DATA SUPPLIED:

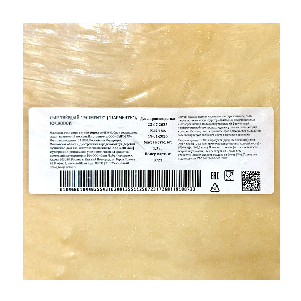Сыр Твердый Smart Chef Парменте 12 Месяцев 48% 1-1,5кг
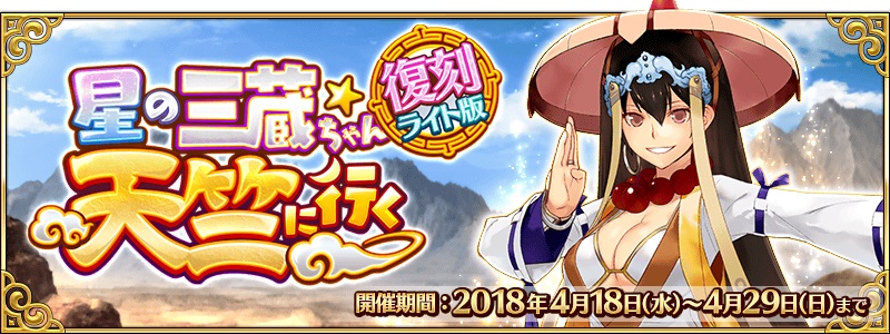 4月18日(水)18:00(予定)から4月29日(日)12:59 までの期間限定で、2016 年に開催した“星の三蔵ちゃん、天竺に行くピックアップ召喚”の内容を一部変更した、“復刻 星の三蔵ちゃん、天竺に行くピックアップ召喚(日替り)”が開催される。
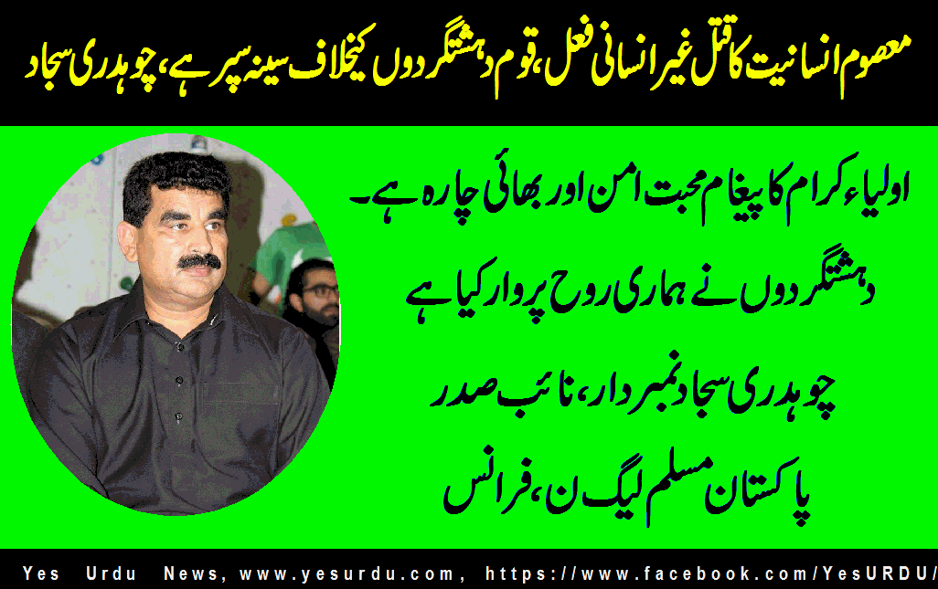 پیرس( یس اردو نیوز)پاکستان مسلم لیگ ن فرانس کے نائب صدر جنا بچوہدری سجاد نمبر دار نے کہا ہے کہ اولیائ کرام کا پیغام محب امن اور بھائی چارہ ہے دہشتگردوں نے ہماری روح پر وار کیا ہے۔ انہوں نے دہشتتگردی کے واقعے کی شدید مذمت کرتے ہوئے کہا ہے کہ معصوم انسانیت کا قتل غیر انسانی فعل ہے، قوم ان دہشتگردوں کو کبھی معاف نہیں کرےگی۔ اور ان کے خلاف ہمیشہ سینہ سپر رہے گی۔
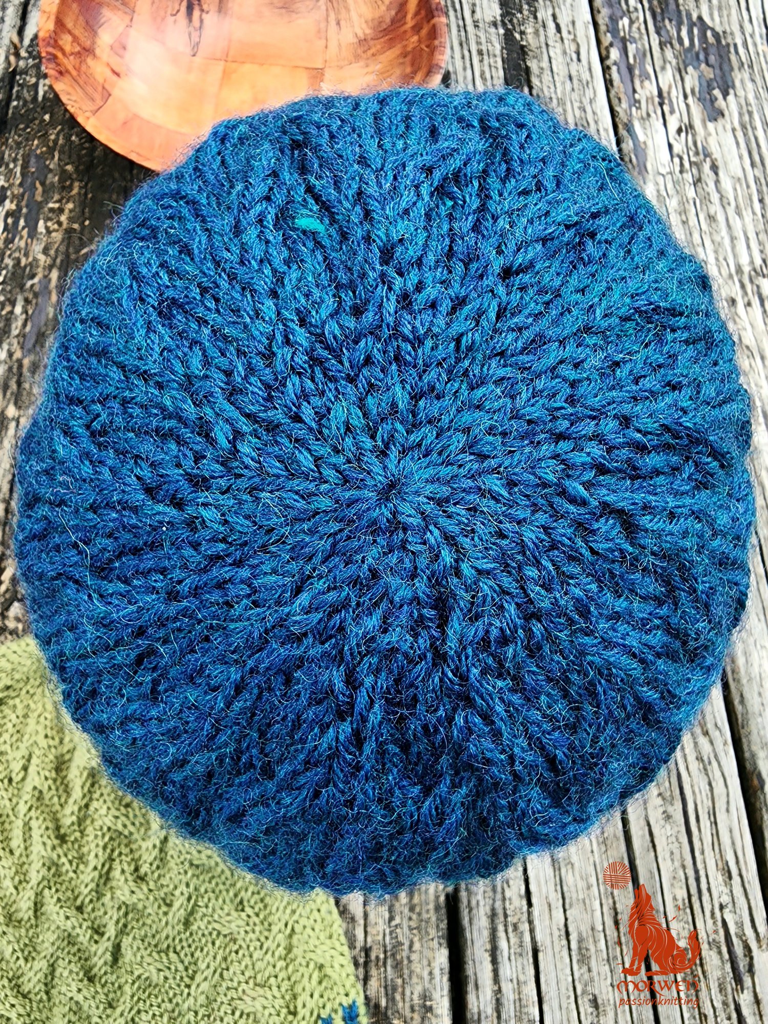 This beanie is a part of the accessories collection “New Grass’’. It’s worked in the round, bottom-up, starting with two-color/corrugated half-twisted ribbing 1х1, using left and right cross cables in the body to recreate a tender texture of sprouts of new spring grass. There are 2 sizes (Adult S-M, Adult L) and 2 lengths proposed (standard and long). The pattern is very friendly to beginners; it contains clear and full instructions and links to captioned video tutorials.
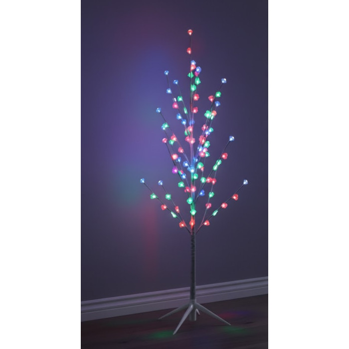 Pomisori decorativ cu leduri multicolore sustinut de un stativ alb, elegant cu 4 picioruse, dimensiunea 1.60m.Ramurile subțiri și flexibile, de culoare albă, sunt decorate cu LED-uri în formă de muguri sau flori care emit o lumină delicată și dispersată,
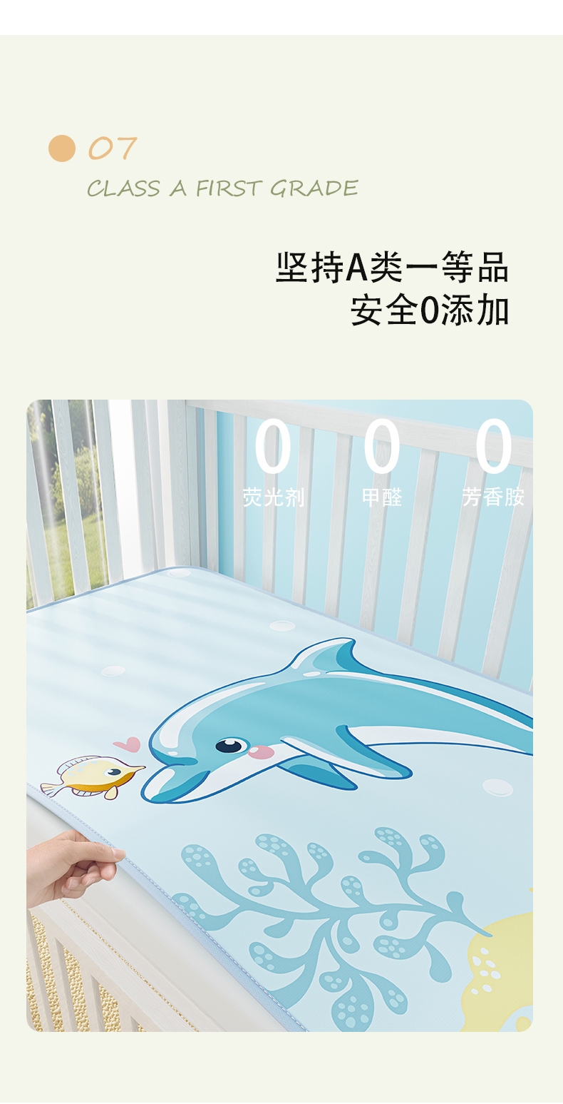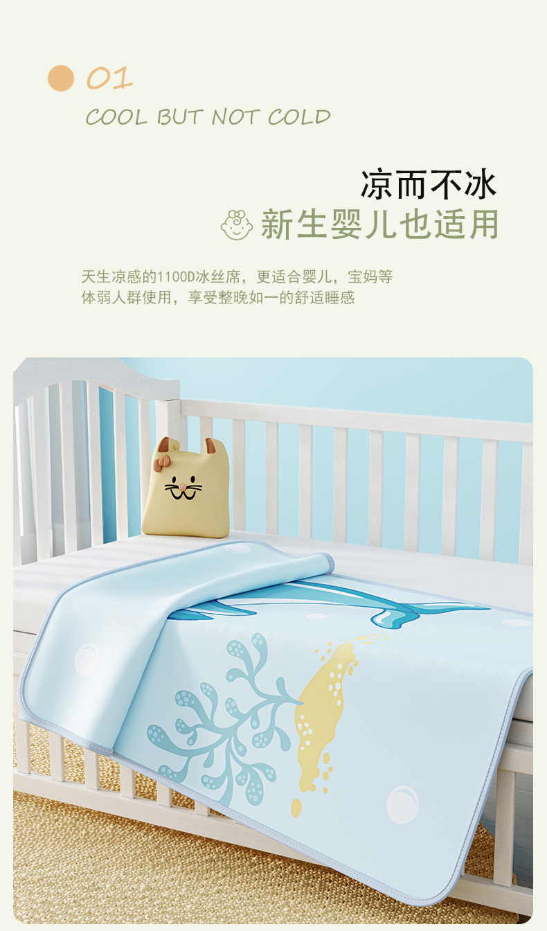 商品名称:2026款A类数码印花大版1100D水光冰丝凉席婴儿儿童新生小宝宝床幼儿园床拼接床冰丝席可机洗空调席

WHAT TO DO: All that is required is an exact reproduction of the lines from the one containing "Pomisori decorativ cu" to the final line of the listing above, pictures omitted.

TASK RESULT:
 Pomisori decorativ cu leduri multicolore sustinut de un stativ alb, elegant cu 4 picioruse, dimensiunea 1.60m.Ramurile subțiri și flexibile, de culoare albă, sunt decorate cu LED-uri în formă de muguri sau flori care emit o lumină delicată și dispersată,
 商品名称:2026款A类数码印花大版1100D水光冰丝凉席婴儿儿童新生小宝宝床幼儿园床拼接床冰丝席可机洗空调席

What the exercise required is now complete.